Tuesday, 19 July 2011
Department of Justice, Equality and Defence
Question 395: To ask the Minister for Justice and Equality if he has any indication from the Director of Public Prosecutions on how his investigations into our banking scandals are progressing, in view of the state of public frustration and anxiety about this matter; and if he will make a statement on the matter. [20888/11]
I attach the highest priority to the full investigation of white collar crime and bringing the perpetrators of such crime to justice. I have expressed, both before and since my appointment as Minister, my unhappiness with the protracted nature of the investigations. In so doing, I am not criticising those carrying out the investigations. It is clear that the complexities of the matters being investigated create tough challenges for investigators and prosecutors.

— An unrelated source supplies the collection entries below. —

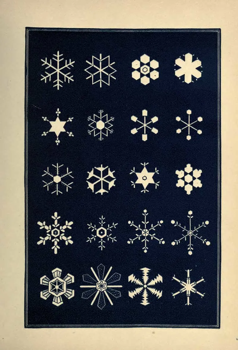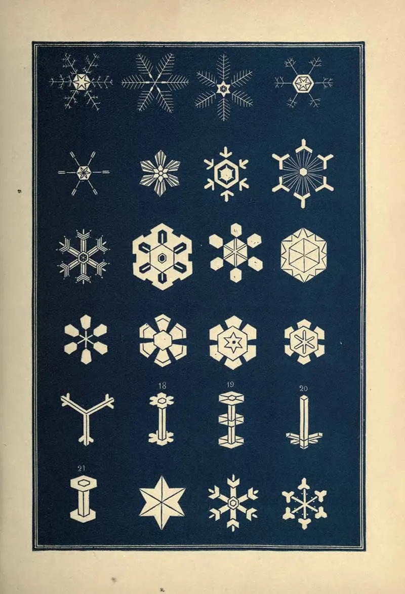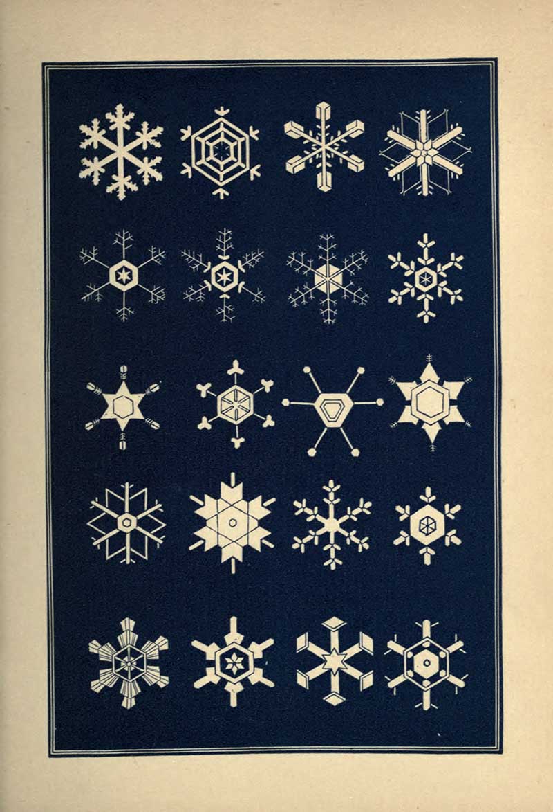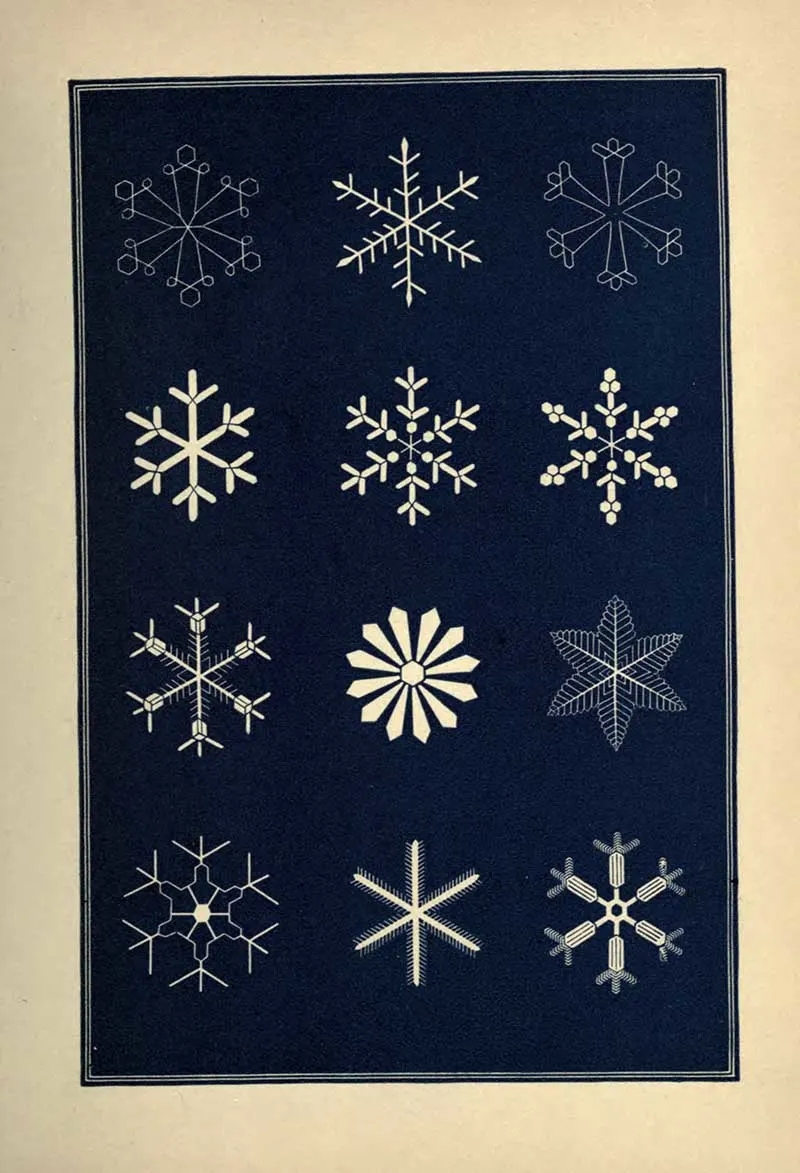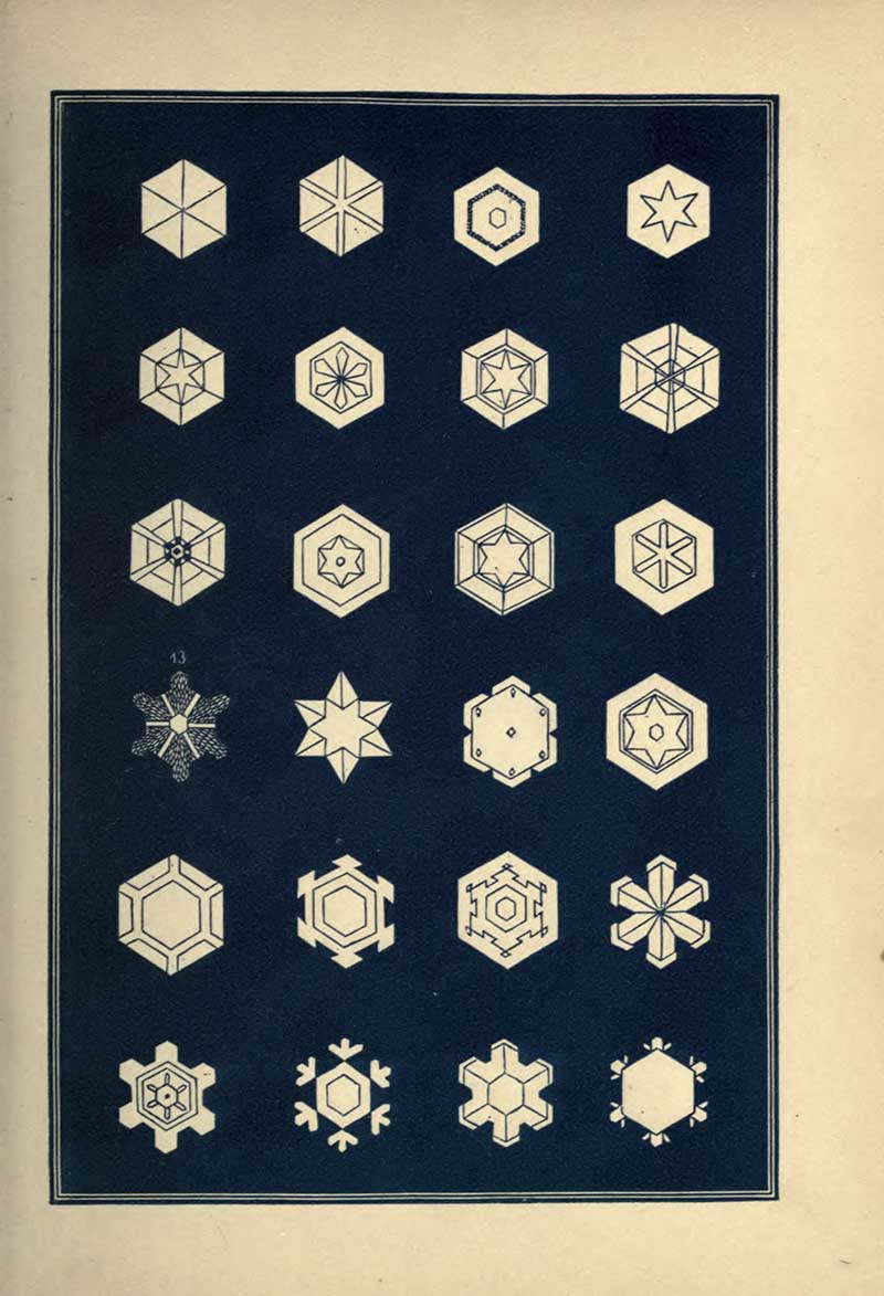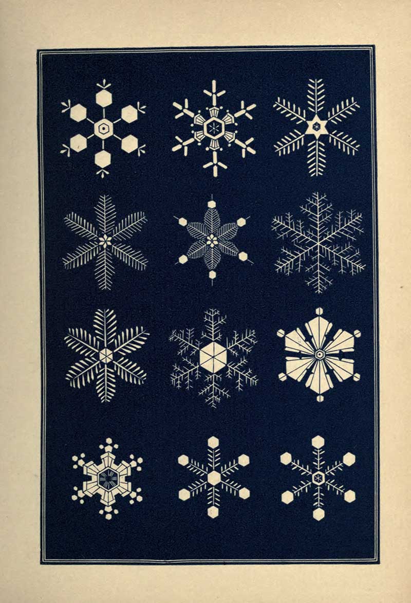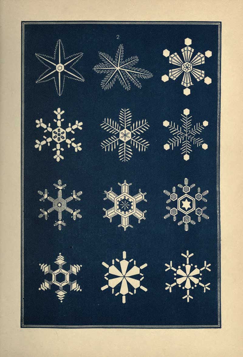 “A STRIKING characteristic of the snow crystal is its perfection of form. Whatever be the type of its structure, that type is completed with the utmost regularity and nicety. Every angle is of the prescribed size, not a degree more or less. The number of parts is uniform. You will never see a star with five rays nor seven. With a precision which art would strive in vain to excel, the pattern is carried out in detail with the most exact symmetry and in the most nicely-adjusted proportions.”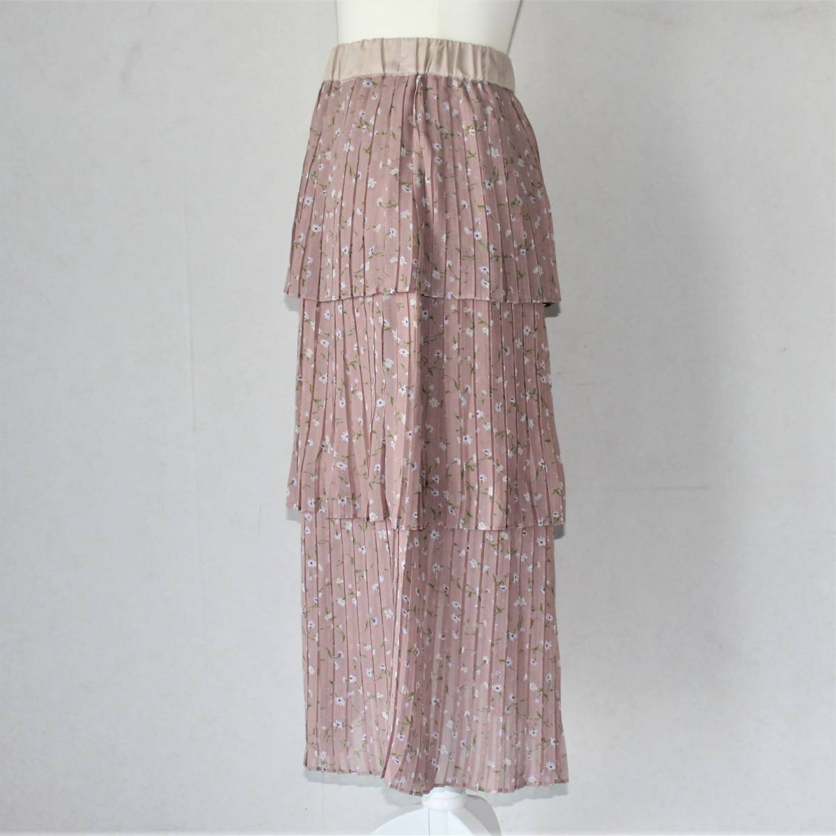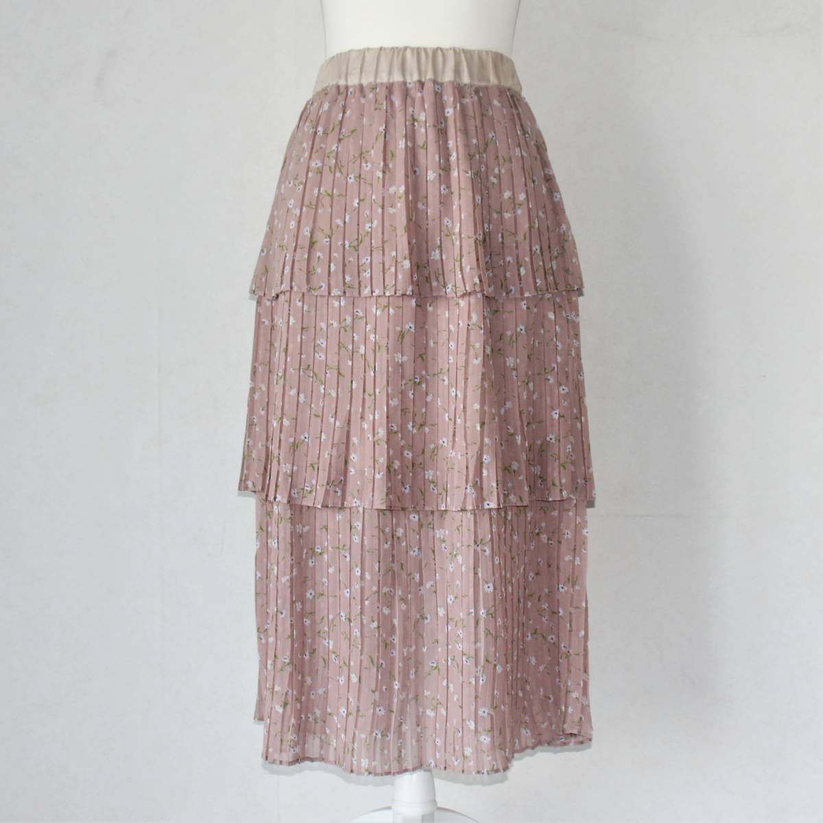 ☆新品☆価格5000円+税☆マジェスティックレゴン☆フラワー3段 プリーツ スカート size M【圧縮発送】くすんだピンク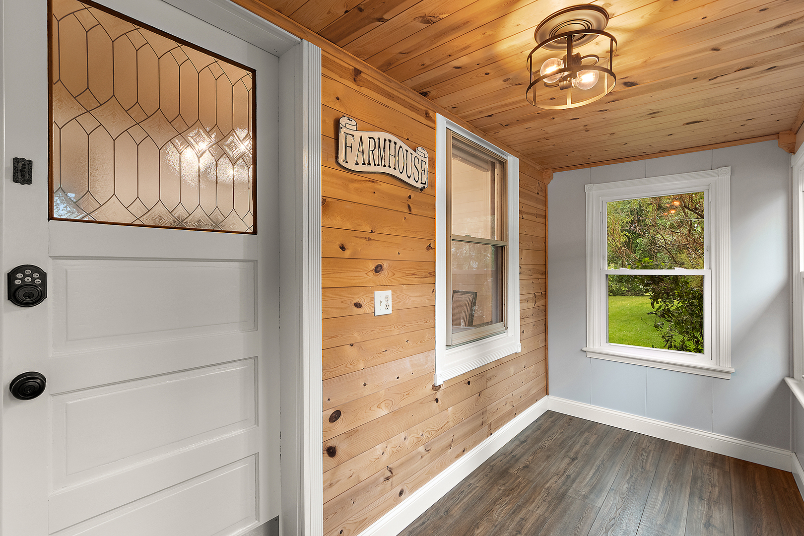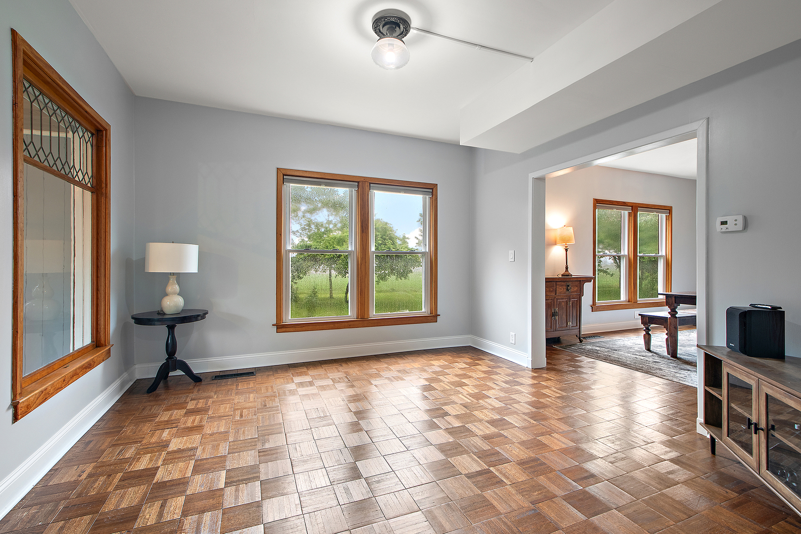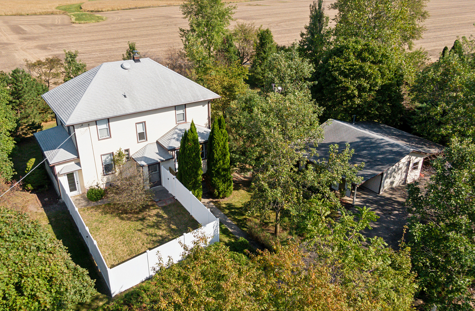 Check out this absolutely stunning Farmhouse on one of a kind 1 acre wooded lot! Dynamite updated eat in kitchen with new cabinets, quartz counters/backsplash, farmhouse sink, ceramic tile plank flooring, rustic ceilings and SS appliances! Elegant formal dining room with hardwood floors, updated fixture plus 9ft ceilings! Cozy living room with hardwood floors and built in stained glass window plus separate den/flex room! Updated guest powder room with new vanity, ceramic tile flooring and fixtures! 2nd floor features 4 beds all with hardwood flooring and original doors/trim! Updated 2nd floor full bath with new vanity, stool, ceramic tile flooring and shower! Main floor laundry (all new appliances will stay) plus full basement! Home also features remodeled back porch with new flooring plus remodeled front 3 season room totally updated too! New Furnace/AC in ’17! New roof @ ’13! Vinyl replacement windows throughout! New back stairs! 1 car detached garage plus 2 covered carports! Extra wide drive for plenty of vehicles! Exterior has a small fenced area leading to gorgeous wooded lot with numerous fruit trees! Super private location–no direct neighbors yet close to shopping and entertainment! It’s your own private oasis! Don’t miss this showstopping property!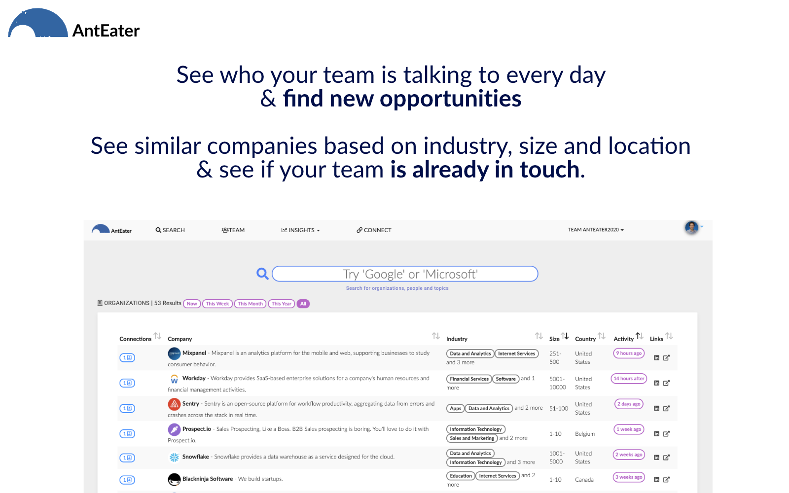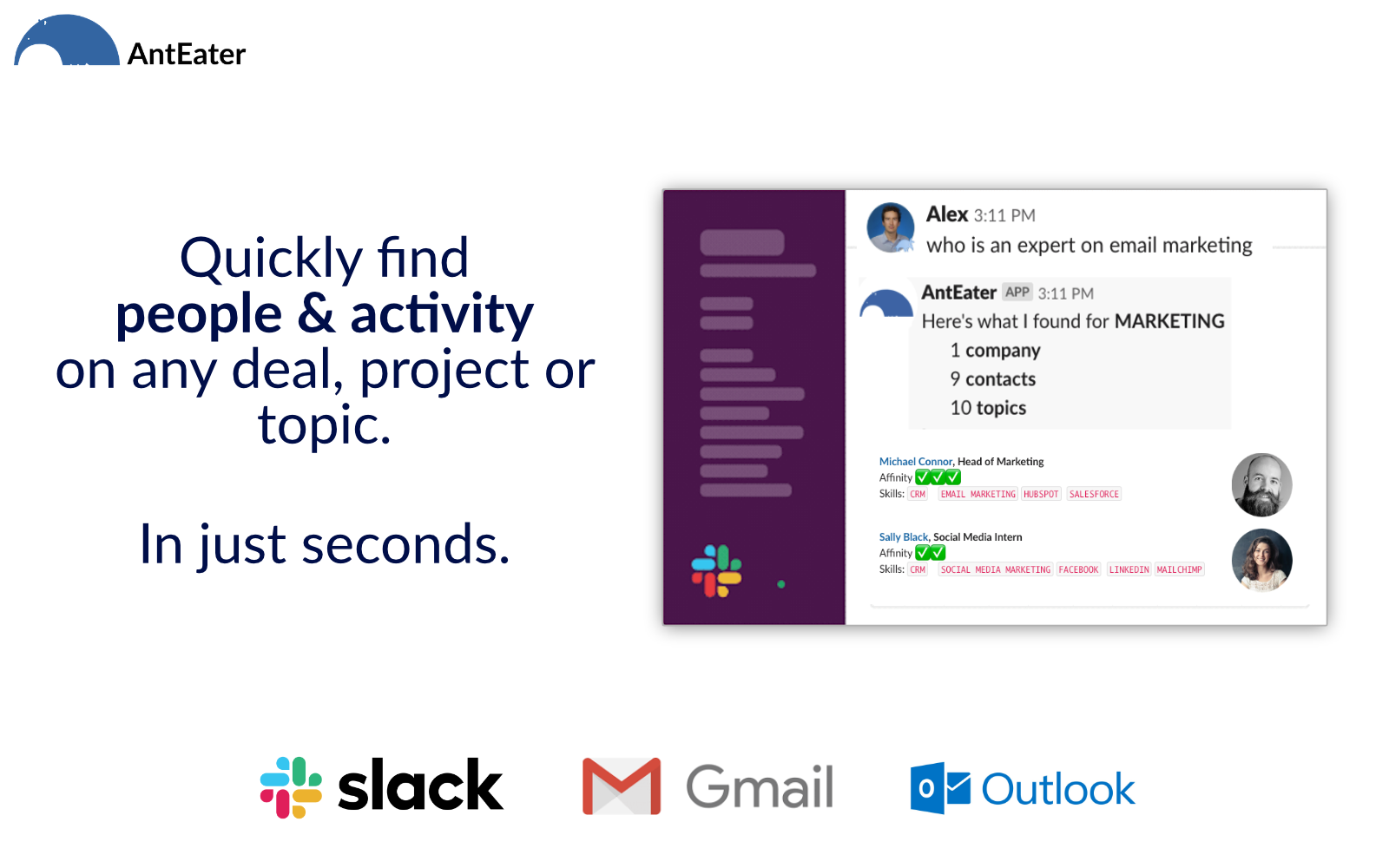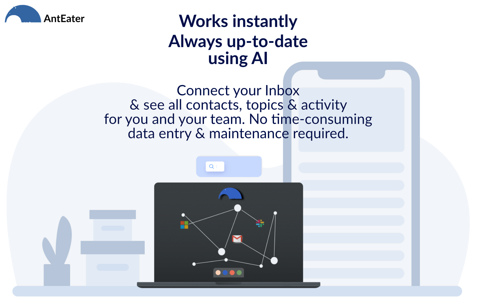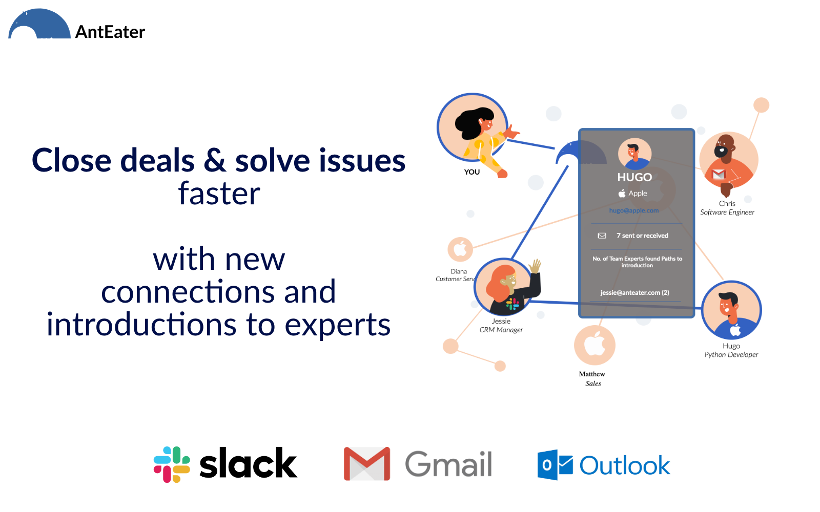 CRMs, team directories & spreadsheets are difficult to setup and take a lot of time keep up to date. AntEater works instantly, is always up-to-date, using AI Quickly find people & activity on any topic Close deals faster with new connections and introductions Hard to believe? We've heard that. It takes just 30 seconds to try it out for yourself

There is ongoing co-operation between An Garda Síochána and the Office of the Director of Corporate Enforcement (ODCE) in the investigation of such crime. Immediately after I took up office, I sought and was given assurances that there are sufficient resources available to such investigations. I have made it clear to those involved that if, at any stage, they believe that additional resources are required that will be responded to immediately.
It was in the light of my concerns that, on taking office, I gave priority to the introduction of the Criminal Justice Bill 2011, which recently passed all Stages in the House. It is my intention that the Bill's provisions will speed up investigations and prosecutions in this area, both future investigations and those currently underway, by improving a number of important procedural matters and strengthening Garda investigative powers.
The Director of Public Prosecutions is, of course, independent in the performance of his duties. It would therefore be inappropriate for me to enquire as to the status of his consideration of investigation files submitted to him for decision. I note however that he has welcomed my decision to introduce the Criminal Justice Bill. In his view, until now it has been a surprising omission in Irish law that potential witnesses cannot be compelled to cooperate with an investigation, even where they themselves are not suspected of or accused of any wrongdoing. In this regard, it is his view that the power of an Irish criminal investigator is considerably weaker than that of a tribunal of enquiry and that the new legislation would address this gap.